The worship of Shala and Adad as a couple is attested in both Assyria and Babylonia in multiple time periods. Shala appears in late Aramaic sources as well, for example in a bilingual inscription from Tell Fekheriye. In the first millennium BCE Zabban was the location of an important temple of Adad and Shala, seemingly connected in some way with Sippar. She was also venerated in Guzana. An Assyrian temple of Adad and Shala was also located in Kalhu according to a document from the reign of Ashurnasirpal II. An inscription of the neo-Assyrian king Sinsharishkun might indicate that Shala was worshiped in the joint temple of Anu and Adad in Assur. Other sites where she was worshiped alongside Adad include Nineveh, Kurba'il, Ekallatu, Urakka, Suhu and Babylon. In Achaemenid and Seleucid Uruk Shala was one of the goddesses accompanying Antu during a parade of deities celebrating the New Year festival.
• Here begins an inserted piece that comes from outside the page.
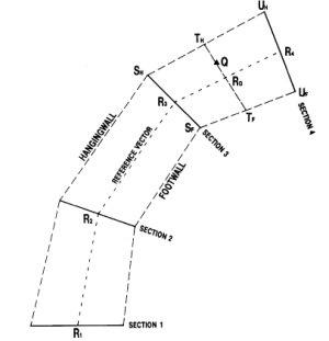 The method described so far assumed that point Q lies exactly on section. In order to calculate the A and B coordinates for a point lying between sections k and k+1 the above process must be extended to three dimensions. This involves linking points between sections in a similar manner to the linking within sections described previously. In the following description AH , BH etc are again used to denote points linked by the user, and Hi are intermediate points on the strings which are linked automatically. However it should be noted that although a point on the hangingwall may be linked by the user to a point on the footwall within a section, it is not necessary that the same point is linked by the user to a point on the next section.

Multiple theophoric names indicating the worship of Shala are known, with Ipqu-Shala, translated as "friendly hug of Shala" by Daniel Schwemer, being particularly common. Other names, with fewer attestations, include Amat-Shala ("servant of Shala"), Apil-Shala ("son of Shala"), Nur-Shala ("light of Shala"), Sha-Shala-rema ("the actions of Shala are merciful"), Shala-damquat ("Shala is good"), Shala-sharrat ("Shala is a queen"), Shala-ummi ("Shala is my mother"), Shimat-Shala ("fate determined by Shala") and Shu-Shala ("he of Shala"). Some of them are attested west of Mesopotamia, in Mari.
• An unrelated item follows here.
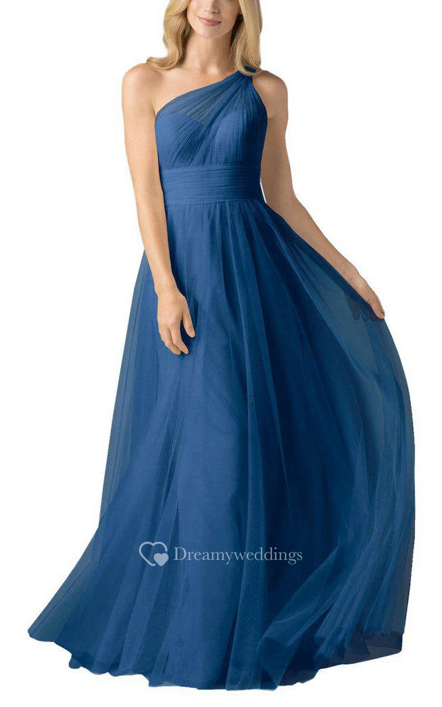 Illusion One Shoulder Ruched Tulle Bridesmaid Dress
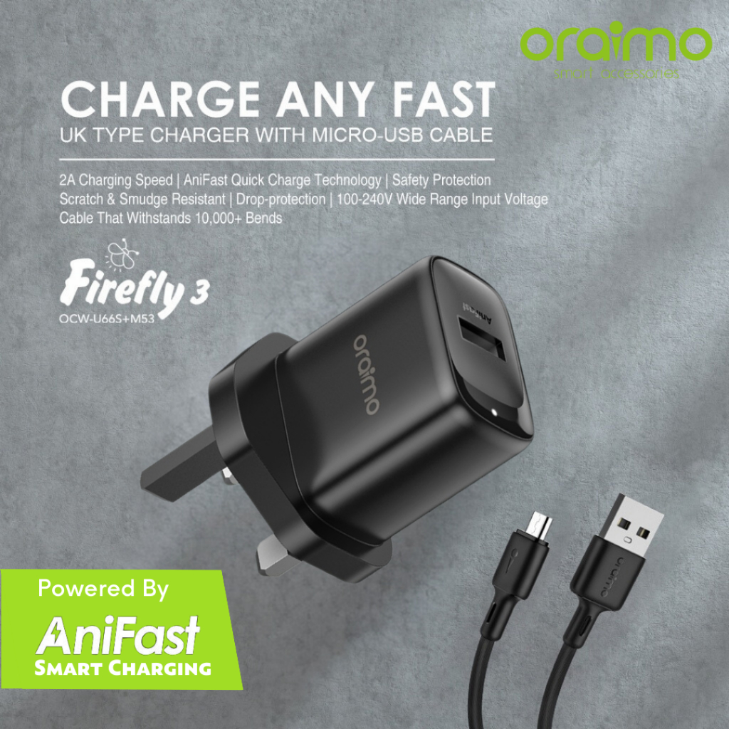 ORAIMO Charger Adapter Charger Android Fast Charging Adapter Fast Charging 2A Plug USB Charger Phone Chargers SOU66S

In incantations Shala was invoked against dogs.

=== In Elam ===
Shala was also worshiped in Elam alongside her husband. While names of presumed Elamite weather deities (Kunzibami, Šihhaš and Šennukušu) appear in Mesopotamian god lists, so far none of them were found in Elamite and Akkadian inscriptions from Elam, and it is assumed that Adad (^{d}IM) and his wife were worshiped under their Mesopotamian names and were not merely stand-ins for the names of deities of Elamite origin. They had a joint temple at Chogha Zanbil, referred to with the term silin, for which various translations have been proposed ("rain water," "abundance," "prosperity," "growth"). Like a number of other terms used to describe temples forming the Chogha Zanbil complex it is a hapax legomenon. Most of the evidence for worship of the pair comes from the lowlands (especially Susa). Other deities whose worship is known mostly from that part of Elam include Pinikir, Lagamal and Manzat.
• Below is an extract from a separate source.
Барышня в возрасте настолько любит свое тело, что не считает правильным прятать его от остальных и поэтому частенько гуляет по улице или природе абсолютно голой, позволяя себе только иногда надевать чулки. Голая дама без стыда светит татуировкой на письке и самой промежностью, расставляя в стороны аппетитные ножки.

Only the so-called Persepolis Fortification Archive from early Achaemenid times undeniably confirms the spread of Adad's cult further east. It is also possible that a theophoric name attesting the worship of Shala in the highlands is known from Tall-i Malyān (ancient Anshan).

== Later relevance==
Shala Mons, a mountain on Venus, is named after Shala. Gazetteer of Planetary Nomenclature in the corresponding entry incorrectly identifies her as a "Canaanite" goddess, rather than a Mesopotamian one.